We used two video modes: the standard 1280x1024 mode (or 1280x960 for games that do not support the previous resolution) without anisotropic filtering and antialiasing; and the High Quality mode - 1600x1200, multisampling 4x and a maximum anisotropic filtering level - 16x These two modes were selected in order to dismiss a possibility of a CPU and other GPU units limiting performance.

The list of games used in our tests includes only standard benchmarks frequently used in articles: Quake 4, F.E.A.R., Serious Sam 2, Call of Juarez, Company of Heroes, S.T.A.L.K.E.R.: Shadow of Chernobyl. We haven't used games without standard benchmarking tools this time, the above-mentioned games are quite enough for our analysis. We also used RivaTuner 2.02.

Test Results

Quake 4 1.3

The game uses a graphics engine that appeared in DOOM 3 three years ago. It's rather old, and our results shouldn't depend much on a number of shader units. Besides, Quake 4 depends much on a processor, because it uses a CPU to compute and apply shadows, as well as to compute physics. Let's analyze the "easy" mode first:

That's it, performance in 1280x1024 evidently depends on a CPU. We noticed a performance drop only with 32 active shader units. Performance results in other cases are similar. Now what concerns the heavy mode:

Now we can see that performance in this mode with anisotropic filtering and anti-aliasing is also limited by the number and power of shader units and texturing units. Only when we switch from 96 to 128 units, performance is limited by something else and depends little on the number of active ALUs. Interestingly, even such an old game as Quake 4 depends much on the power of execution units. We might have expected higher dependence on ROPs. Although performance does not depend fully on the number of execution units, the game will evidently do fine with fewer shader units than available in the G80.

F.E.A.R.

F.E.A.R. also uses shadow algorithms similar to DOOM 3. It loads a CPU with physics, which may limit performance in the easy mode. However, rendering speed in F.E.A.R. mostly depends on graphics card's power, on its fillrate and memory bandwidth. Let's see what the built-in benchmark shows in the first test mode:

As in the previous case, performance is limited by a CPU. The number of active ALUs in the G80 does not have a strong effect on the overall performance. Let's have a look at the heavy mode:

Our early assumption that performance is mostly limited by fillrate is not proved. Performance depends a little on the number of shader and texture units. This situation resembles much what we've already seen in Quake 4. Performance gain is small only in the last case. Before that, the power of execution units evidently affects rendering speed, although the effect is not proportional to their number.

Serious Sam 2

It's another relatively old game, which performance depends mostly on a graphics card, especially in game levels with not many enemies. The game engine does not load shader units much. But it generates a heavy load on texture units, so we'll most likely see a similar picture as in the previous two games.

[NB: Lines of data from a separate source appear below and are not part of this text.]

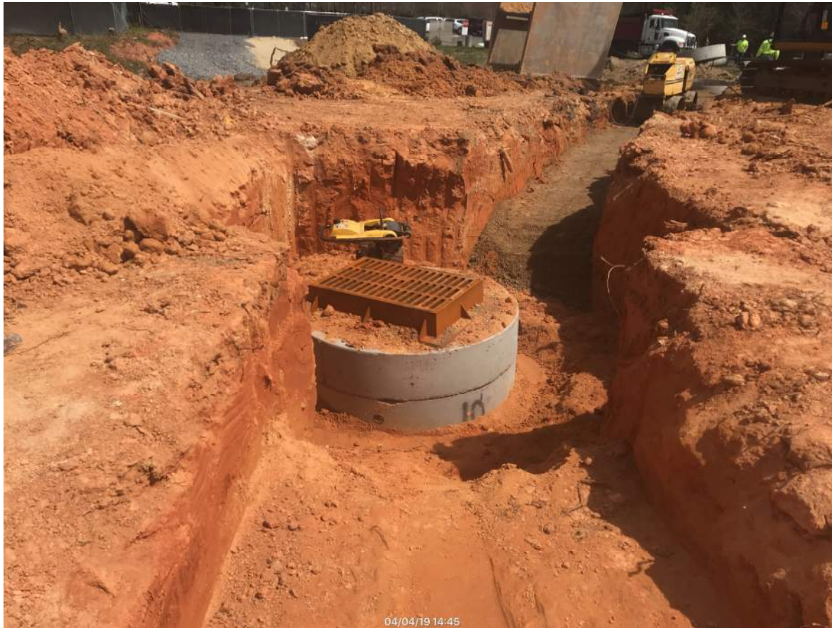
Backfilled Storm Sewer Trench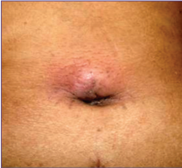
Fig. 3: Clinical picture of the metastatic peri-umbilical nodule.

metastasis may evolve through three possible mechanisms including direct spread, local spread and distant spread [6]. Direct extension is due to contiguous spread via tissue planes. Local spread can be ascribed to spread through dermal lymphatics with resultant implantation in the skin. Distant metastasis is the result of hematogenous spread. This route of hematogenous spread could be either through pulmonary circulation or bypassing pulmonary circulation via azygous and vertebral venous plexus [7].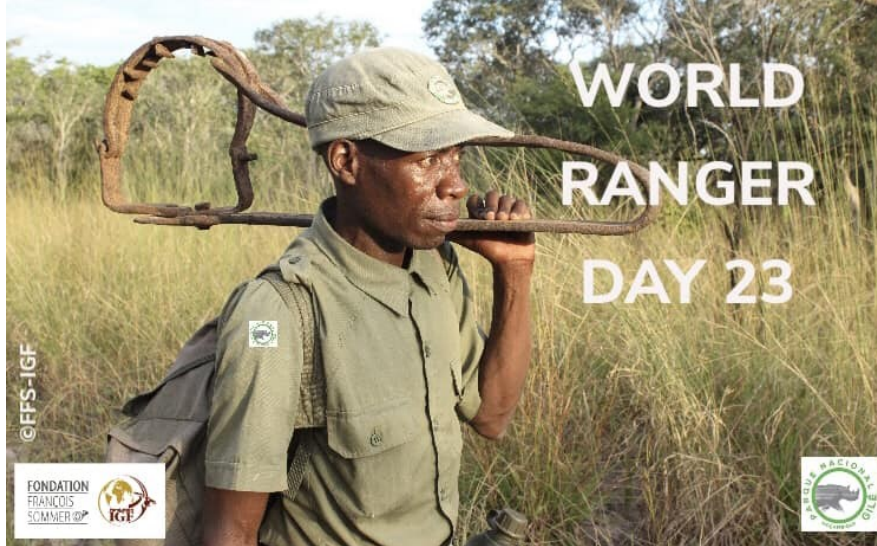
A ranger with one of the confiscated traps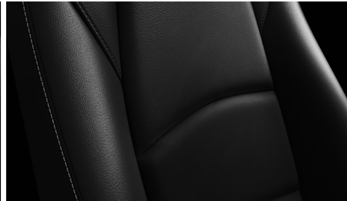
Black Maztex (G20 Evolve)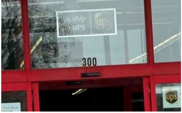
See PI v. Waverly et al, District of Delaware, Case No. 22-cv-1554, D.I. 1 at \P\P 12-

13. As Chief Judge Connolly remarked at one of the hearings in this case, "if you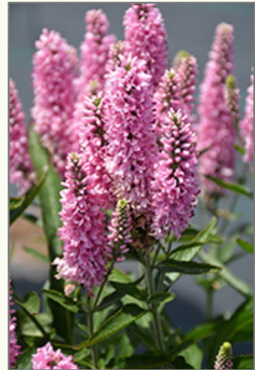
Skyward Pink Long-leaf Speedwell flowers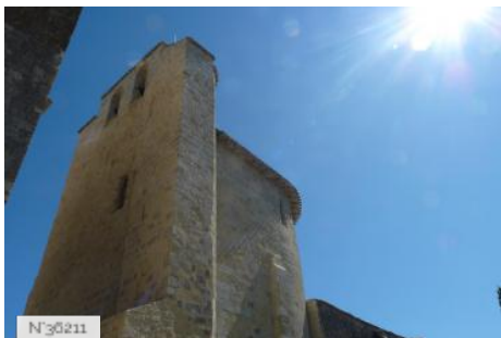
Church Saint Sigismund of Larressingle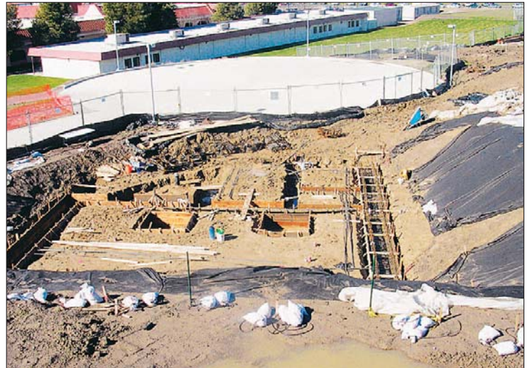
The Athletic Field House at Las Positas College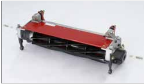
8-Blade Cutting Unit | 04610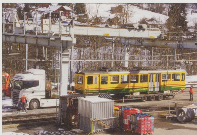
WAB 119 on low loader at Lauterbrunnen Photo: Abtransport

At Lauterbrunnen on 5th March WAB BDhe 4/4 No.119, stripped of useful bits, was loaded onto a truck for its last journey - to the scrapyard. Nos.101, 107, 109, 119 and 124 are also taking this road, whilst No.102 was scrapped last year. No.109 was still in action at the station, but reprieves are short.

The easy mode is traditionally limited by CPU performance. Only in case of 32 active ALUs, we can see a heavy drop in rendering speed. This must not happen in the heavy mode:

The situation is practically the same as in the other games we tested. Although performance depends on the number of active units even more noticeably, especially in case of 32 and 64 shader units. But this dependence remains noticeable even further. The game gains rendering speed, when the number of active ALUs is increased to 96 and 128. To all appearances, ALUs themselves do not limit performance, it's the fault of texturing units tied to them.

Call of Juarez

It's a relatively new game with a high-tech engine. We used the Direct3D 9 version of the game. As we found out in the technological review, performance in Call of Juarez is mostly limited by a graphics card. It's responsible for the largest share of the load. The game demonstrates much geometry and pixel processing, which is done by the units we are experimenting with. A processor may limit performance only because of many draw calls. But the game features optimizations to reduce this effect. So CPU performance must not be a serious limiting factor.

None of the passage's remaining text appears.